WORK INSTRUCTIONS — Without including any pictures, please copy every entry below exactly.

══════════════════════════════

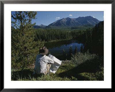 Raymond Gehman Art > A Man With A Cowboy Hat Reads A Map And Gazes Across A River Art Print
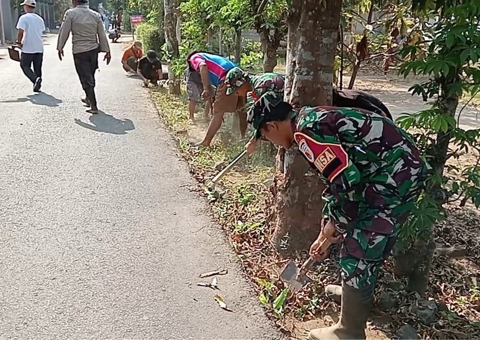 Kegiatan yang dimulai sejak pagi hari ini difokuskan pada pembersihan bahu jalan, pemotongan rumput liar yang mulai meninggi, serta pembersihan saluran drainase. Kopka Slamet Prasetiyo tampak membaur bersama masyarakat, bahu-membahu mengangkut sampah dan memastikan aliran air tidak tersumbat guna mengantisipasi genangan air di musim penghujan.
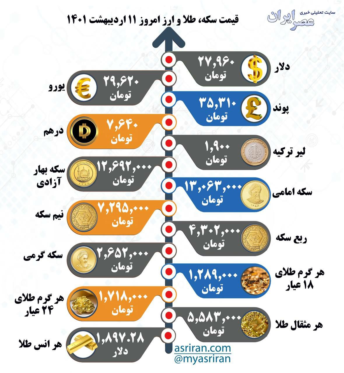 قیمت سکه، طلا و ارز امروز ۱۱ اردیبهشت ماه ۱۴۰۱ (اینفوگرافیک)
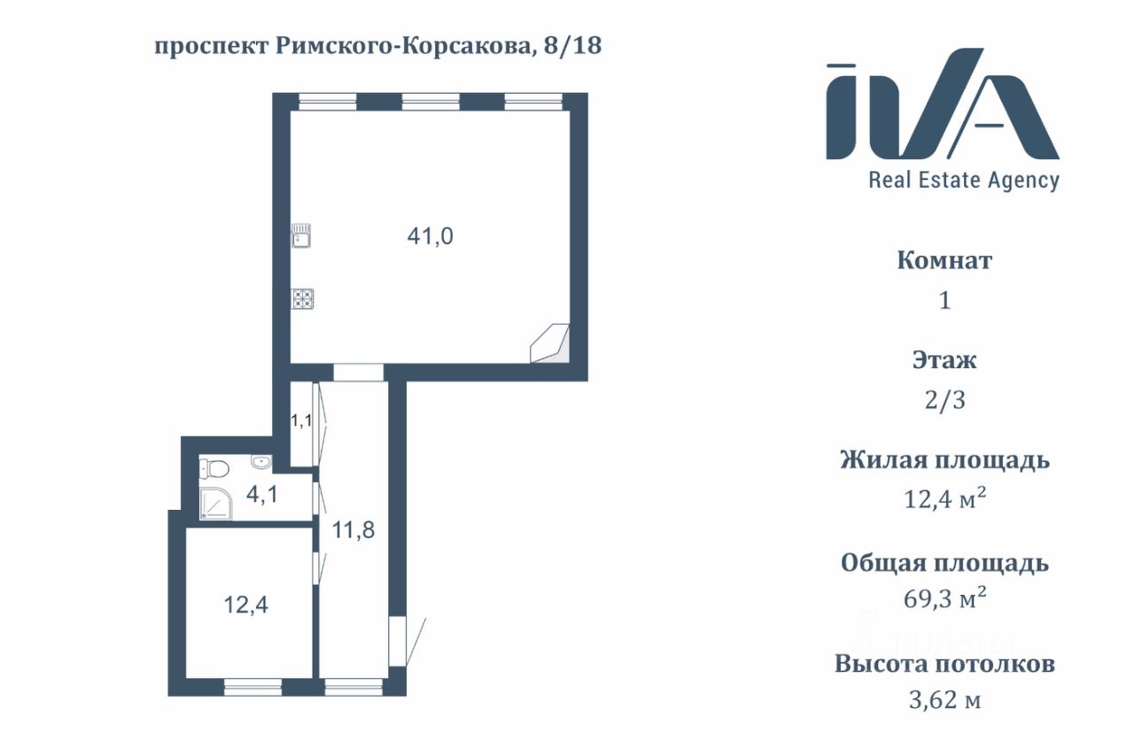 Площадь общая: 69.3 м2 Площадь жилая: 12,4 м2 Площадь кухни-гостиной: 41 м2 Высота потолков: 3.62 м
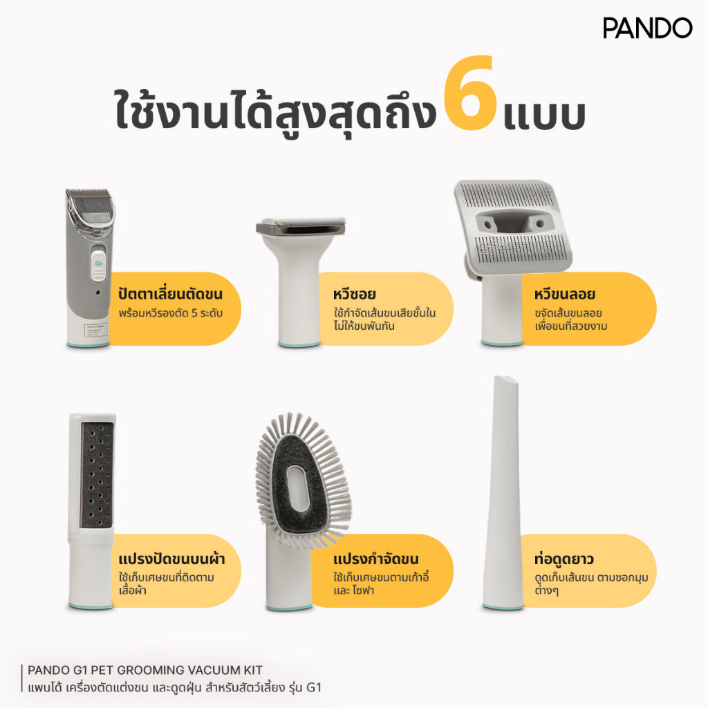 • มีหัวเปลี่ยนถึง 6 แบบ (แปรงปัดขนบนผ้า/ หวีซอย/ หวีกรูมมิ่ง / ปัตตาเลี่ยนตัดขน / แปรงกำจัดขน / ท่อดูดยาว)
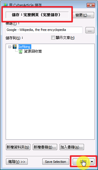 然後,你就會看到 CyberArticle 的儲存詢問視窗。如果沒有事先啟動 CyberArticle,也沒有關係,這個畫面仍然會看到。也就是說,我們要儲存網頁時,可以不需要先啟動 CyberArticle。 除非有特殊需求,可以按下左下的【進階】,做更進一步的細部設定。 但正常來講,只要最上方是選擇至「儲存:完整網頁(完整儲存)」,其儲存的結果,通常都是令人滿意的。 最後,只要按下右下的【儲存】即可。
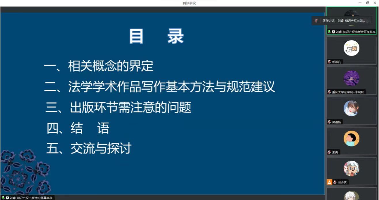 2024年1月18日,由金沙js5588主办的“法学学术研究成果撰写基本规范与出版环节需注意的问题”主题讲座顺利举行。讲座由知识产权出版社知识认证平台运营中心主任刘睿编审应国家社科基金重大专项课题组的邀请主讲,金沙js5588教授、科技法治研究中心主任李晓秋教授担任主持人。
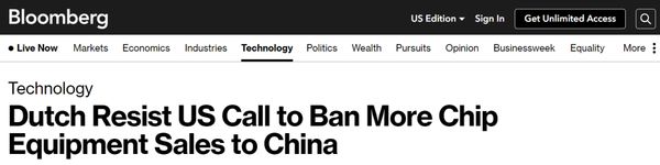 彭博社报道:美国呼吁禁止向中国出售更多芯片设备,荷兰抵制。
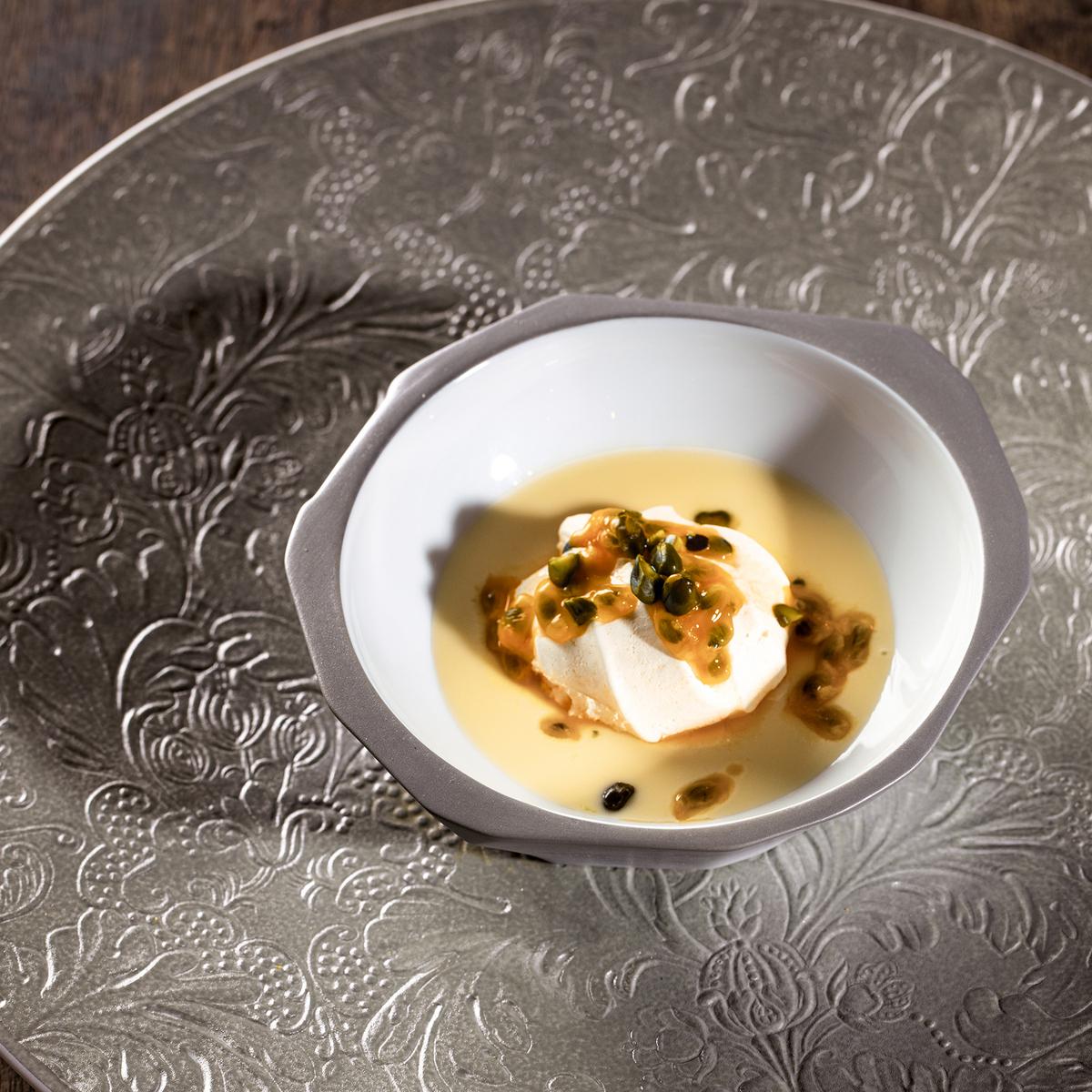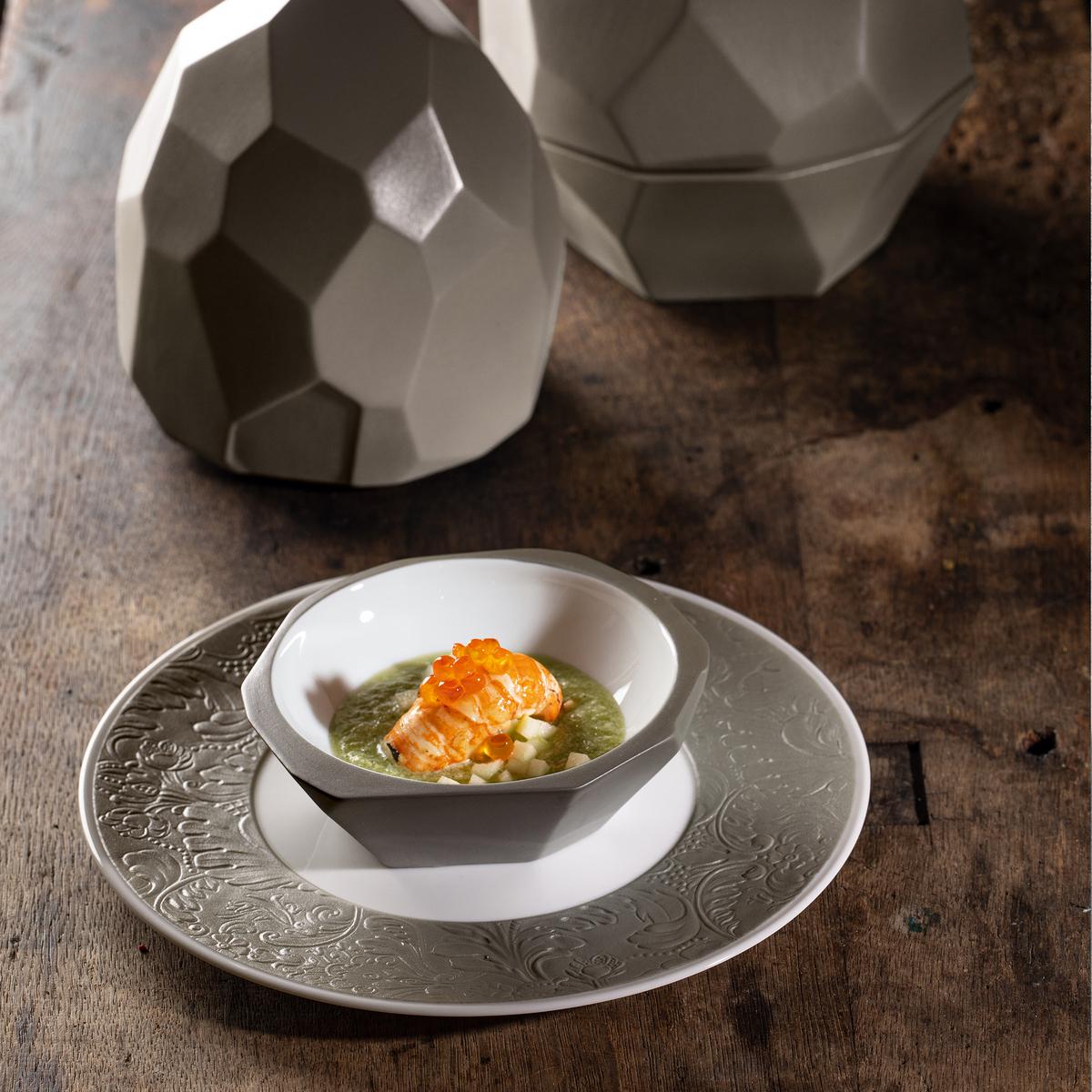 The "Pépites Irisées" rocks by Raynaud open up countless possibilities for serving fine food. The lower plate has a diameter of about 15 cm and a good depth for serving soups, for example. Starters or desserts can also be beautifully presented in the rocks.
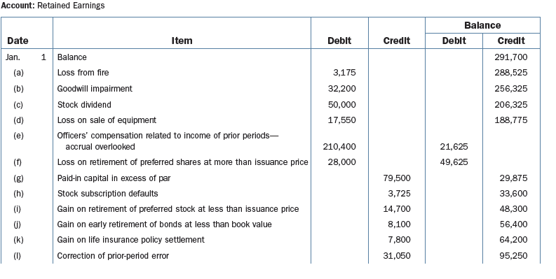 Account: Retained Earnings Balance Date Item Deblt Credit Deblt Credit Jan. 1. Balance 291,700 (a) Loss from fire 3,175 288,525 (b) Goodwill impairment 32,200 256,325 (c) Stock dividend 50,000 206,325 (d) Loss on sale of equipment 17,550 188,775 (e) Officers' compensation related to income of prior periods- accrual overlooked 210,400 21,625 (f) Loss on retirement of preferred shares at more than issuance price 28,000 49,625 (g) Paid-in capital in excess of par 79,500 29,875 (h) Stock subscription defaults 3,725 33,600 (1) Gain on retirement of preferred stock at less than issuance price 14,700 48,300 Gain on early retirement of bonds at less than book value 8,100 56,400 (k) Gain on life insurance policy settlement 7,800 64,200 (1) Correction of prior-period error 31,050 95,250
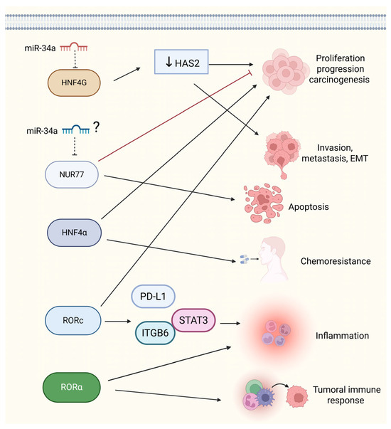 Molecular roles of ONR and its regulation by miRNAs in BCa progression. Several RNRs play pivotal roles in BCa through the modulation of tumor cell behavior and interaction with the tumor microenvironment. HNF4G, which is directly targeted by miR-34a, promotes proliferation and progression via hyaluronan synthase 2 (HAS2). Nur77 and HNF4α influence apoptosis, invasion, and chemoresistance, although the regulation of Nur77 by miR-34a in BCa remains to be clarified. RORC activates the PD-L1/ITGB6/STAT3 signaling axis, thereby enhancing inflammation and therapy resistance. Additionally, RORα may regulate tumor immune responses. These ONR-mediated pathways represent potential targets for therapeutic intervention in BCa. Question mark (?) indicates speculative not validated function, solid straight black arrows indicate activation, dashed black arrow represents indirect inhibition, black down arrow indicates repressed activity and solid red arrow indicates direct inhibition process. Figure created with BioRender.com (accessed on 1 May 2025).
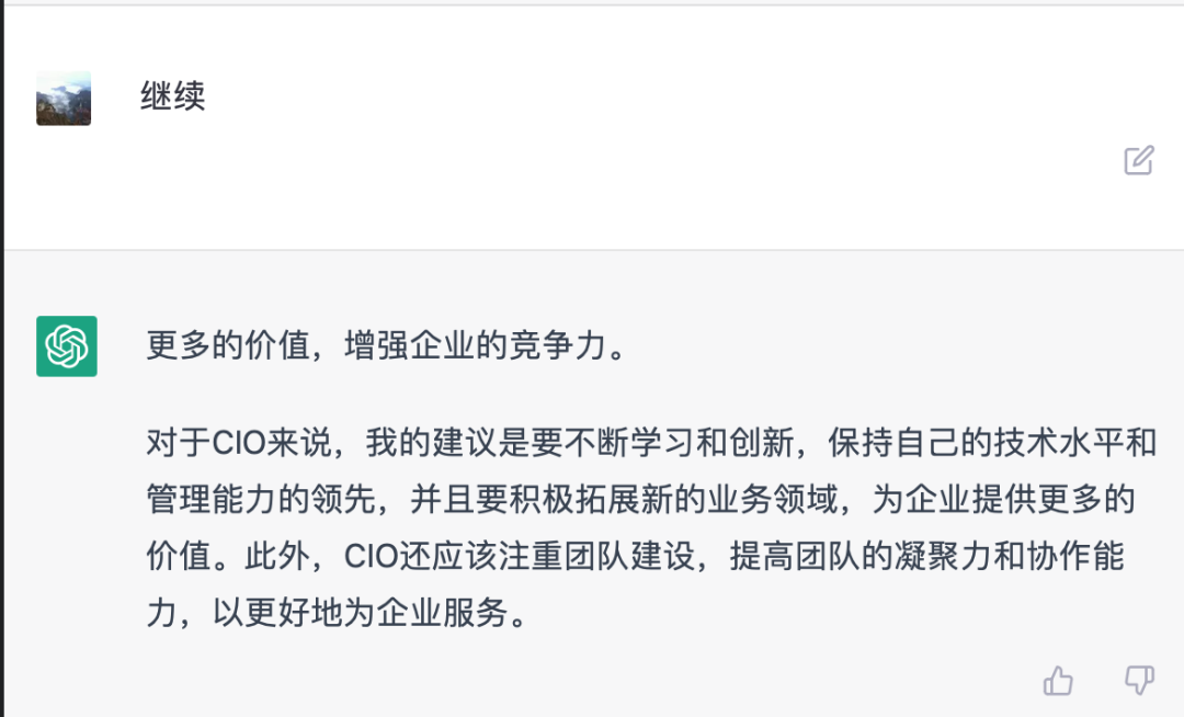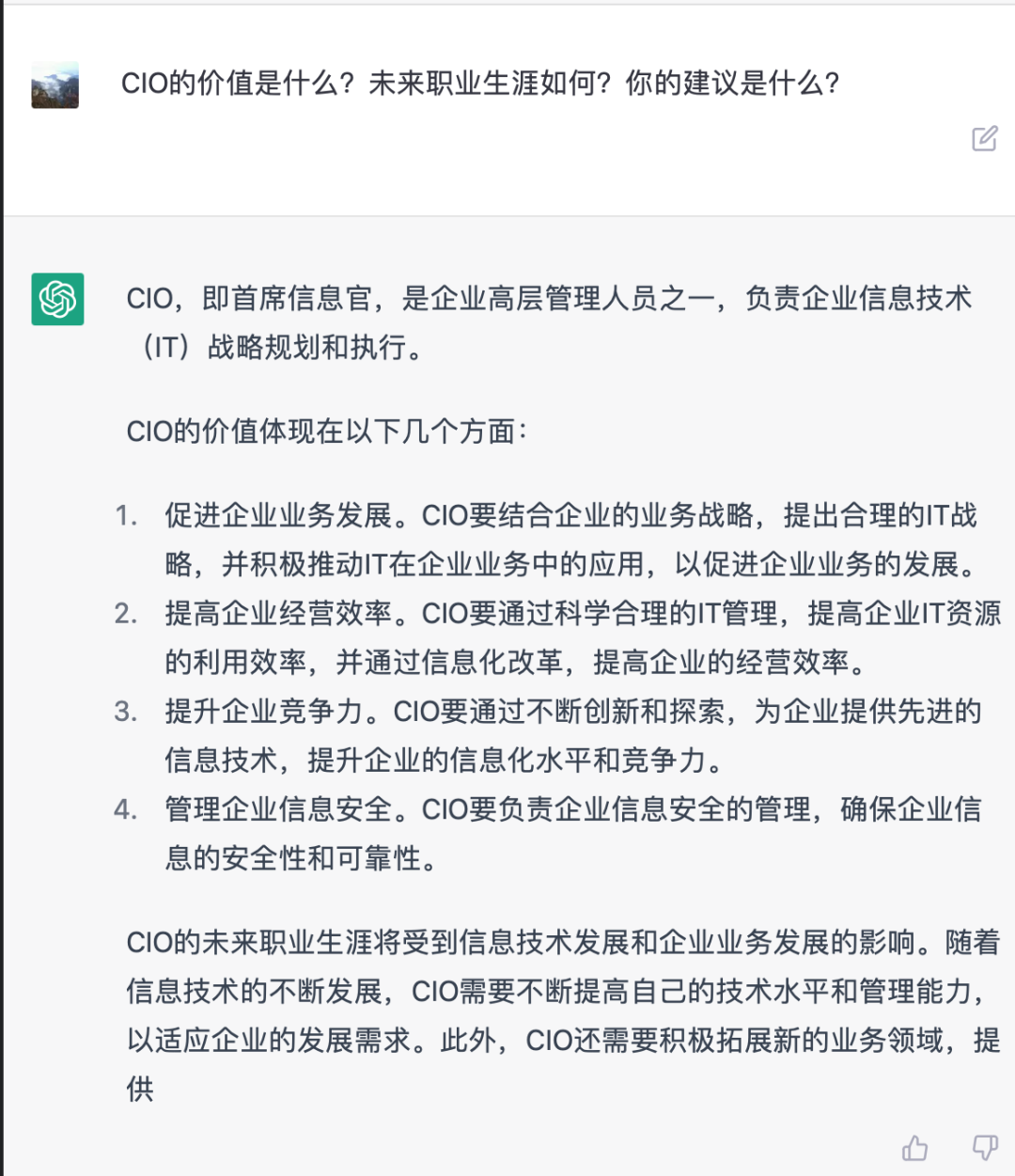 我们公众号的很多读者是CIO,我们看看ChatGPT对CIO有什么建议。

══════════════════════════════

TASK RESPONSE —
 Raymond Gehman Art > A Man With A Cowboy Hat Reads A Map And Gazes Across A River Art Print
 Kegiatan yang dimulai sejak pagi hari ini difokuskan pada pembersihan bahu jalan, pemotongan rumput liar yang mulai meninggi, serta pembersihan saluran drainase. Kopka Slamet Prasetiyo tampak membaur bersama masyarakat, bahu-membahu mengangkut sampah dan memastikan aliran air tidak tersumbat guna mengantisipasi genangan air di musim penghujan.
 قیمت سکه، طلا و ارز امروز ۱۱ اردیبهشت ماه ۱۴۰۱ (اینفوگرافیک)
 Площадь общая: 69.3 м2 Площадь жилая: 12,4 м2 Площадь кухни-гостиной: 41 м2 Высота потолков: 3.62 м
 • มีหัวเปลี่ยนถึง 6 แบบ (แปรงปัดขนบนผ้า/ หวีซอย/ หวีกรูมมิ่ง / ปัตตาเลี่ยนตัดขน / แปรงกำจัดขน / ท่อดูดยาว)
 然後,你就會看到 CyberArticle 的儲存詢問視窗。如果沒有事先啟動 CyberArticle,也沒有關係,這個畫面仍然會看到。也就是說,我們要儲存網頁時,可以不需要先啟動 CyberArticle。 除非有特殊需求,可以按下左下的【進階】,做更進一步的細部設定。 但正常來講,只要最上方是選擇至「儲存:完整網頁(完整儲存)」,其儲存的結果,通常都是令人滿意的。 最後,只要按下右下的【儲存】即可。
 2024年1月18日,由金沙js5588主办的“法学学术研究成果撰写基本规范与出版环节需注意的问题”主题讲座顺利举行。讲座由知识产权出版社知识认证平台运营中心主任刘睿编审应国家社科基金重大专项课题组的邀请主讲,金沙js5588教授、科技法治研究中心主任李晓秋教授担任主持人。
 彭博社报道:美国呼吁禁止向中国出售更多芯片设备,荷兰抵制。
 The "Pépites Irisées" rocks by Raynaud open up countless possibilities for serving fine food. The lower plate has a diameter of about 15 cm and a good depth for serving soups, for example. Starters or desserts can also be beautifully presented in the rocks.
 Account: Retained Earnings Balance Date Item Deblt Credit Deblt Credit Jan. 1. Balance 291,700 (a) Loss from fire 3,175 288,525 (b) Goodwill impairment 32,200 256,325 (c) Stock dividend 50,000 206,325 (d) Loss on sale of equipment 17,550 188,775 (e) Officers' compensation related to income of prior periods- accrual overlooked 210,400 21,625 (f) Loss on retirement of preferred shares at more than issuance price 28,000 49,625 (g) Paid-in capital in excess of par 79,500 29,875 (h) Stock subscription defaults 3,725 33,600 (1) Gain on retirement of preferred stock at less than issuance price 14,700 48,300 Gain on early retirement of bonds at less than book value 8,100 56,400 (k) Gain on life insurance policy settlement 7,800 64,200 (1) Correction of prior-period error 31,050 95,250
 Molecular roles of ONR and its regulation by miRNAs in BCa progression. Several RNRs play pivotal roles in BCa through the modulation of tumor cell behavior and interaction with the tumor microenvironment. HNF4G, which is directly targeted by miR-34a, promotes proliferation and progression via hyaluronan synthase 2 (HAS2). Nur77 and HNF4α influence apoptosis, invasion, and chemoresistance, although the regulation of Nur77 by miR-34a in BCa remains to be clarified. RORC activates the PD-L1/ITGB6/STAT3 signaling axis, thereby enhancing inflammation and therapy resistance. Additionally, RORα may regulate tumor immune responses. These ONR-mediated pathways represent potential targets for therapeutic intervention in BCa. Question mark (?) indicates speculative not validated function, solid straight black arrows indicate activation, dashed black arrow represents indirect inhibition, black down arrow indicates repressed activity and solid red arrow indicates direct inhibition process. Figure created with BioRender.com (accessed on 1 May 2025).
 我们公众号的很多读者是CIO,我们看看ChatGPT对CIO有什么建议。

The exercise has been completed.